Awakeand Singh said:


> Mai Ji, thanks so much for your original form of contribution (among others) to these discussions! Sometimes, one of your smileys is all that's needed to make a shorthand comment or a signature.
> Since I see that the Request Line is open ...
> Could I prevail upon you to make a Happy Singh with a white beard and a dark blue and white dastaar/fifty combination?
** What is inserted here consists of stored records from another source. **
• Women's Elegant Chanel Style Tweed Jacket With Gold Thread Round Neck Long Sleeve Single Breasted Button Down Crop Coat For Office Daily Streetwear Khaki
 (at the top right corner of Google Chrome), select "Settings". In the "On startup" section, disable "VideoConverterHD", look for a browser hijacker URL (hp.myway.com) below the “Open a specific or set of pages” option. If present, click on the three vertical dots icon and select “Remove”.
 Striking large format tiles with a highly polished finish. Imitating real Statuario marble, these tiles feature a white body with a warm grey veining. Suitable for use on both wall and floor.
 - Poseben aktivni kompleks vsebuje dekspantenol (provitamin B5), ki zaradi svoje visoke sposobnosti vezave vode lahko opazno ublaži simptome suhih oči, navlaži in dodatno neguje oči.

We seniors need representation, too!
> Shukriya!


My brother would you want the skull cap on top of the turban or underneath it mundahug.  How about locks flowing on each side of the beard!mundahug

Life is too short to be ultra serious.  Mai ji's contributions are amazing and wonderful.

Sat Sri Akal.


----------



## Awakeand Singh (Feb 21, 2012)

Bhai Sahib!

On the other hand, too few of us (and I, unfortunately, am one - but I'm trying to get myself into remission!) can be accused of taking life seriously _enough_ ...
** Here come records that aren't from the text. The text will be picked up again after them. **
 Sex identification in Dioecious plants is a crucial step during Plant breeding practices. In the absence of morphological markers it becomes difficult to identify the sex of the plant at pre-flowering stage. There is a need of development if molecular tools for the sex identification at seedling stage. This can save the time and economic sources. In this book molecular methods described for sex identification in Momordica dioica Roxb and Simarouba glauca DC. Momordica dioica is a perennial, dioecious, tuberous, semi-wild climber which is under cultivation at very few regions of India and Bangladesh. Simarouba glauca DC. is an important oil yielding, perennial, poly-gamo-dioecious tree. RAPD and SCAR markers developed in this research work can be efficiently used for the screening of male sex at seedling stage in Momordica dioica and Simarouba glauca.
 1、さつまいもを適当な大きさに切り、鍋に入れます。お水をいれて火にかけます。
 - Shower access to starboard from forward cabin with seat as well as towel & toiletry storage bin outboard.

Actually, the skullcap isn't mandatory; it's simply convenient in terms of wearing tefillin (those black boxes with leather straps) during weekday morning prayers.
The peyot (sidelocks) are worn either inside or outside the turban. At least, this is what I've seen in those communities (like the traditional Yemenites) that still wear turbans today, and in historical pictures of Jews from other communities where turbans were worn, like Iraq.

Hey, if I had the skill to make smileys, I'd do it myself - but since Mai Ji displays such obvious talent in this area, and asks for suggestions for new ideas, why not?


----------



## Mai Harinder Kaur (Feb 21, 2012)

Awakeand Singh said:


> Mai Ji, thanks so much for your original form of contribution (among others) to these discussions! Sometimes, one of your smileys is all that's needed to make a shorthand comment or a signature.
> Since I see that the Request Line is open ...
> Could I prevail upon you to make a Happy Singh with a white beard and a dark blue and white dastaar/fifty combination? We seniors need representation, too!
> Shukriya!



May I use your avatar's beard?  It's quite lovely.
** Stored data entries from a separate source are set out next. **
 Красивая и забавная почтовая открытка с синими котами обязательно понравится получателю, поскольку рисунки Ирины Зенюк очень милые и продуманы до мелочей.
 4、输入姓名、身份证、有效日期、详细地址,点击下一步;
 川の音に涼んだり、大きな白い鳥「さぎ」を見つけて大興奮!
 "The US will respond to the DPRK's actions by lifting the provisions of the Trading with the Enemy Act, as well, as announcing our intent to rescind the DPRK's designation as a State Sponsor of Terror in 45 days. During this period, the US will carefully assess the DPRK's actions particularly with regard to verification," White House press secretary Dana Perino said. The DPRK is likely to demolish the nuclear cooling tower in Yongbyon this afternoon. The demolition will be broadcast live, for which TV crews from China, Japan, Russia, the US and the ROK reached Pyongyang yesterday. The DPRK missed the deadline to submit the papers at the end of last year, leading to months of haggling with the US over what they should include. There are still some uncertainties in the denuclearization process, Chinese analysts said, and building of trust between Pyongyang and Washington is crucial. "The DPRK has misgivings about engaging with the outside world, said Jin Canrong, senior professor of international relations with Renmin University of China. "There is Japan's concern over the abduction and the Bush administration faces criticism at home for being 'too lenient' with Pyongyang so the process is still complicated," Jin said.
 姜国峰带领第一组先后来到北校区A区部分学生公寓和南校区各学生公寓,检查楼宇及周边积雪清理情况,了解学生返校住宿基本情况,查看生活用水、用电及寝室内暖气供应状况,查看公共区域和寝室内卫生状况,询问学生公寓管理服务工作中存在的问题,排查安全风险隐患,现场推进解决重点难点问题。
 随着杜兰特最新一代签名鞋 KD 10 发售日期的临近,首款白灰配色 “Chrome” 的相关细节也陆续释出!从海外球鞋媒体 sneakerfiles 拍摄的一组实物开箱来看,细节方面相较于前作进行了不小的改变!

I would also be pleased to make one with yarmulka and payess, if you'd like.


----------



## Mai Harinder Kaur (Feb 21, 2012)

Awakeand Singh said:


> Bhai Sahib!
> 
> Hey, if I had the skill to make smileys, I'd do it myself - but since Mai Ji displays such obvious talent in this area, and asks for suggestions for new ideas, why not?



Thank you.

Is this what you had in mind?  Is that the right shade of blue.  I tried to get t the colour of the Israeli flag, but I discovered that there doesn't seem tp be a uniform colour, so I just used what I think is a pretty colour.

If it meets with your approval, I'll submit it to the Administration.

Senior indeed.  In April I will enjoy (?) my 60th birthday when I will officially turn into a "Wise Woman."


----------



## Kanwaljit.Singh (Feb 21, 2012)

Could you please make a nihang smiley too 

Using this pic?


----------



## Ambarsaria (Feb 21, 2012)

Mai Harinder Kaur said:


> Thank you.
> 
> Is this what you had in mind?  Is that the right shade of blue.  I tried to get t the colour of the Israeli flag, but I discovered that there doesn't seem tp be a uniform colour, so I just used what I think is a pretty colour.
> 
> ...


Mai ji if I may suggest,



fifty is missing
May be give the face a bit of color of Awakeandsingh ji
He has to accept the final product cheeringmunda

Thanks and Sat Sri Akal


----------



## Awakeand Singh (Feb 21, 2012)

Mai Ji,

I think it's great. Thank you!


----------



## Mai Harinder Kaur (Feb 21, 2012)

Ambarsaria said:


> Mai ji if I may suggest,
> 
> 
> 
> ...





Look closer 50 is there.  However, I might try to highlight it a bit.
I keep to the traditional yellow because I don't want to play into the false notion that being a Sikh has something to do with ethnicity
He likes it!   I will, however, highlight the 50 a bit.


----------



## Ambarsaria (Feb 21, 2012)

Mai Harinder Kaur said:


> Look closer 50 is there.  However, I might try to highlight it a bit.
> I keep to the traditional yellow because I don't want to play into the false notion that being a Sikh has something to do with ethnicity
> He likes it!   I will, however, highlight the 50 a bit.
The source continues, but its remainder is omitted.